Scanu A, Oliviero F, Gruaz L, Galozzi P, Luisetto R, Ramonda R, Burger D, Punzi L
a Rheumatology Unit, Department of Medicine , University of Padova , Italy.
b Division of Immunology and Allergy, Inflammation and Allergy Research Group, Hans Wilsdorf Laboratory, University Hospital and Faculty of Medicine , University of Geneva , Switzerland.
Scand J Rheumatol. 2016 Oct;45(5):384-93. doi: 10.3109/03009742.2015.1124452. Epub 2016 May 20.
Monosodium urate (MSU) crystal deposition in gouty joints promotes the release of inflammatory mediators, in particular interleukin (IL)-1β. The induction of IL-1β production by MSU crystals requires a co-stimulus. The objective of this study was to determine which part of the synovial fluid (SF) provides co-stimulation to MSU crystals to induce IL-1β in macrophages.
The lipidic fraction (LF) and the protein fraction (PF) were isolated from the SF of patients with arthropathies. The PF was subfractionated according to different molecular weight (MW) ranges. THP-1 cells or human primary monocytes were stimulated with MSU crystals in the presence or absence of SF or SF fractions. IL-1β and IL-8 production and IL-1β mRNA expression were assessed by an enzyme-linked immunosorbent assay (ELISA) and quantitative real-time polymerase chain reaction (qPCR).
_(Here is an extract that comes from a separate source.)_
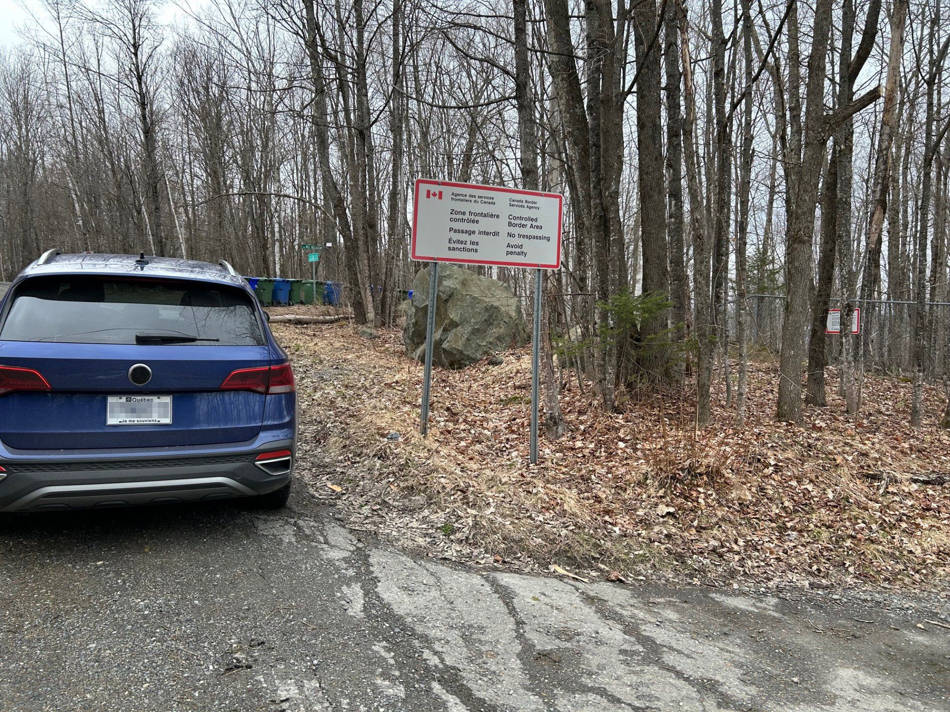 En chemin, nous arrivons au bout d’une rue québécoise, fermée par des blocs de béton et une vieille pancarte. La frontière est franchissable à pied, facilement.

Exposure of monocytes/macrophages to MSU crystals alone induced the moderate release of IL-8 but not of IL-1β. The production of IL-1β required the presence of both SF from patients with inflammatory arthritis (SFi) and MSU crystals. SF from patients with non-inflammatory arthritis, that is patients with osteoarthritis (OA), did not affect the IL-1β production but slightly enhanced the secretion of IL-8. Both MSU crystals and SFi were required for the induction of the IL-1β transcript, which was not expressed in the presence of either stimulus alone. SFi fractionation demonstrated that the MSU crystal co-stimulus was contained in the PF of SFi with MW > 50 kDa but not in the LF.
This study shows that the SF of inflammatory arthritis patients, including gout patients, contains proteins required for the induction of IL-1β by MSU crystals in macrophages whereas lipids are not involved.
痛风性关节中的尿酸单钠(MSU)晶体沉积促进炎症介质的释放,尤其是白细胞介素(IL)-1β。MSU晶体诱导IL-1β产生需要共刺激。本研究的目的是确定滑液(SF)的哪一部分为MSU晶体提供共刺激以诱导巨噬细胞产生IL-1β。
从关节病患者的滑液中分离脂质部分(LF)和蛋白质部分(PF)。根据不同分子量(MW)范围对PF进行亚分级。在存在或不存在SF或SF组分的情况下,用MSU晶体刺激THP-1细胞或人原代单核细胞。通过酶联免疫吸附测定(ELISA)和定量实时聚合酶链反应(qPCR)评估IL-1β和IL-8的产生以及IL-1β mRNA表达。
单核细胞/巨噬细胞单独暴露于MSU晶体可诱导IL-8适度释放,但不会诱导IL-1β释放。IL-1β的产生需要炎症性关节炎患者的SF(SFi)和MSU晶体同时存在。非炎症性关节炎患者(即骨关节炎(OA)患者)的SF不影响IL-1β的产生,但会轻微增强IL-8的分泌。IL-1β转录本的诱导需要MSU晶体和SFi同时存在,单独存在任何一种刺激时均不表达。SFi分级显示,MSU晶体共刺激包含在MW > 50 kDa的SFi的PF中,而LF中不包含。
本研究表明,包括痛风患者在内的炎症性关节炎患者的滑液含有巨噬细胞中MSU晶体诱导IL-1β产生所需的蛋白质,而脂质不参与其中。